I've just started a course on logic, and I'm struggling with some of the exercises. I think I've understood the basic concept of applying rules prove the validity of some expression, but when the proposition becomes too complex I have a hard time getting started. For example:
$$((p\implies q)\implies q)\implies((q\implies p)\implies p)$$
I'm not even sure where to begin proving this. What's the general strategy for taking apart larger propositions?

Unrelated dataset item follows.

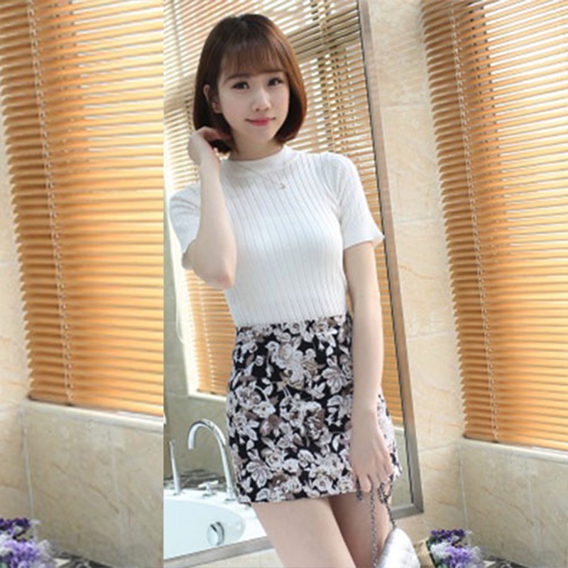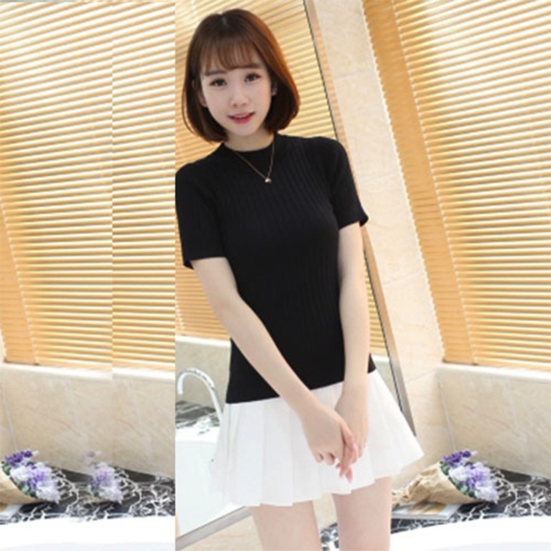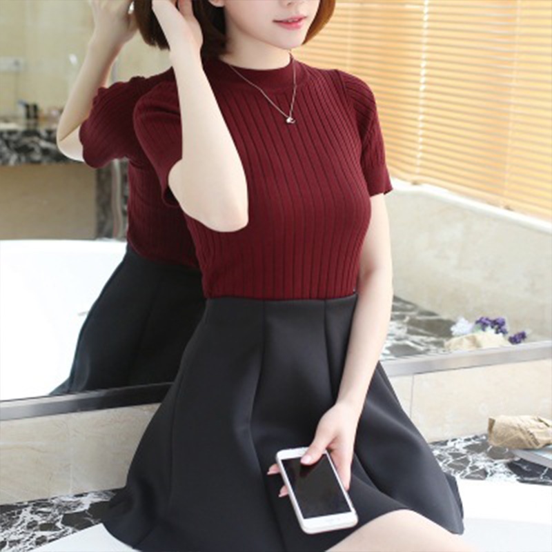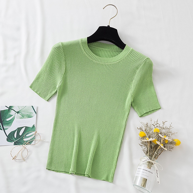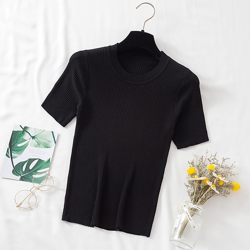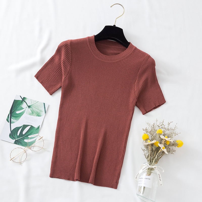 V-Neck Top Women's Vertical Pattern Simple Loose Knitted Ice Silk Short Sleeve T-Shirt Undercoat

Natural Deduction rules of inference are rules to introduce or "eliminate" connectives into the inferred statement. So begin by identifying the connectives in the target and the premises.

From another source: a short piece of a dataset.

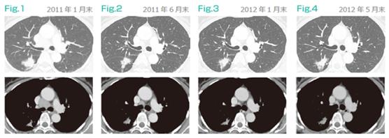案例:60歲女性 無吸煙史 2011年1月診斷為T4N3M1a肺腺癌(肺內及鎖骨上淋巴結轉移)。2011年3月初開始CDDP+PEM+BV化療,并切除了右鎖骨上淋巴結,將切除淋巴結溶解制作DC疫苗,以待后用。至6月,CDDP+PEM+BV治療4次,細胞療法3次,發現腫瘤縮小(PR),隨機停止聯合化療,7月開始維持治療僅使用貝伐+細胞療法,觀察至2015年5月底腫瘤未進展。

Well, here you don't have any premises, so the first task will be to introduce those conditional connectives. So start unpacking the nested conditional statement into Conditional Proofs: by assuming antecedents aiming to derive consequents.

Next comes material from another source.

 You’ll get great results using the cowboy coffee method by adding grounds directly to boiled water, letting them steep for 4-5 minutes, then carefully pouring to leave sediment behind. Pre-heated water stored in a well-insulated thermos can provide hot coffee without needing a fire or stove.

$$\def\fitch#1#2{~~\begin{array}{|l}#1\\\hline#2\end{array}} \fitch{}{\fitch{(p\to q)\to q}{\fitch{q\to p}{~\vdots\\ p}\\(q\to p)\to p}\\((p\to q)\to q)\to ((q\to p)\to p) }$$
Next you want to derive $p$ from $q\to p$ and $(p\to q)\to q$. Well, you could derive $p$ if you had $q$, and you could derive $q$ if you had $p\to q$, and you could derive $p\to q$ if assuming $p$ derived $q$, which we cannot do, so a direct proof isn't the way to go. An Indirect Proof is indicated.
$$\fitch{}{\fitch{(p\to q)\to q}{\fitch{q\to p}{\fitch{\neg p}{~~\vdots\\\bot}\\\neg\neg p\\ p}\\(q\to p)\to p}\\((p\to q)\to q)\to ((q\to p)\to p) }$$
For the rest, work backwards: You aim to derive a contradiction of one of the three assumptions. The easiest to do would seem to be $p$; which was detailed above but is actually now feasible. Try it.